The Trade and Tariff Act of 1984 (P.L. 98-573) clarified the conditions under which unfair trade cases under Section 301 of the Trade Act of 1974 (P.L. 93-618) can be pursued. It also provided bilateral trade negotiating authority for the U.S.-Israel Free Trade Agreement and the U.S.-Canada Free Trade Agreement, and set out procedures to be followed for congressional approval of future bilateral trade agreements.

The bill was sponsored by Democrat Sam Gibbons (FL-7) and was signed into law by President Ronald Reagan on October 30, 1984.

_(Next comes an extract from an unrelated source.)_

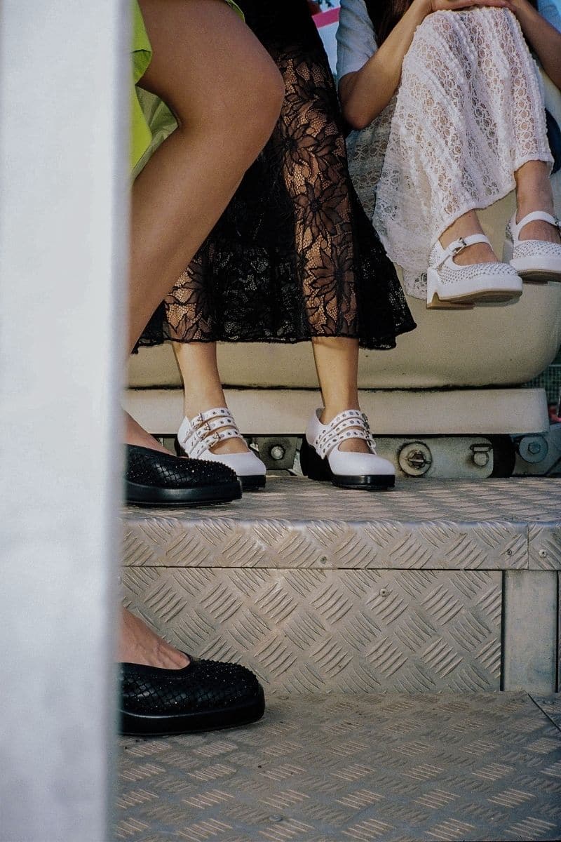 This elegant white Mary Jane flaunts a thick platform that's bedecked with little gems for a touch of bespoke glamour, all perched atop a sturdy rubber sole with a heel height of 5 cm.
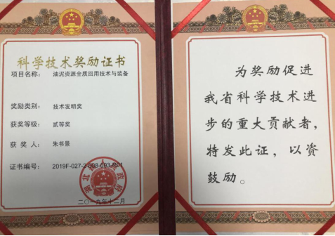 公司朱书景教授项目《油泥资源全质回用技术与装备》从2008年开始进行技术开发与攻关,于2012年进入装备工业化应用阶段,截止目前获得发明专利授权10余项,累计创效15.8亿元,有力的推动了我省含油污泥的处理与资源化水平提升。此次获得省技术发明奖将有力的推动该项技术进一步服务于我省乃至全国的含油污泥资源化处理。

Congressional gatekeeping 
A key feature of the legislation was its modification of the 1974 Trade Act's Fast track authority, incorporating a "committee gatekeeping" device.  Congress opted to adapt the fast-track procedure to possible bilateral free-trade agreements with nations other than Israel.  Going forward, the procedure provided that if a country other than Israel requested free-trade negotiations with the United States, the President would be required to notify two "gatekeeper" committees – the House Ways and Means and the Senate Finance committees – and to consult with those committees for a period of 60 legislative days before giving the statutorily required 90-day notice of his intent to sign an agreement.  If neither committee disapproved of the negotiations during this 60-day committee consultation period, any subsequently negotiated agreement would receive fast-track legislative consideration.  The 1984 Act thus greatly increased the influence of Congress in negotiating trade agreements.  For example, the 60-day pre-negotiation consultation period with the two committees secured their involvement in the Canada-United States Free Trade Agreement negotiations months before formal talks began, allowing Congress to extract concessions from the President as a condition of letting negotiations proceed.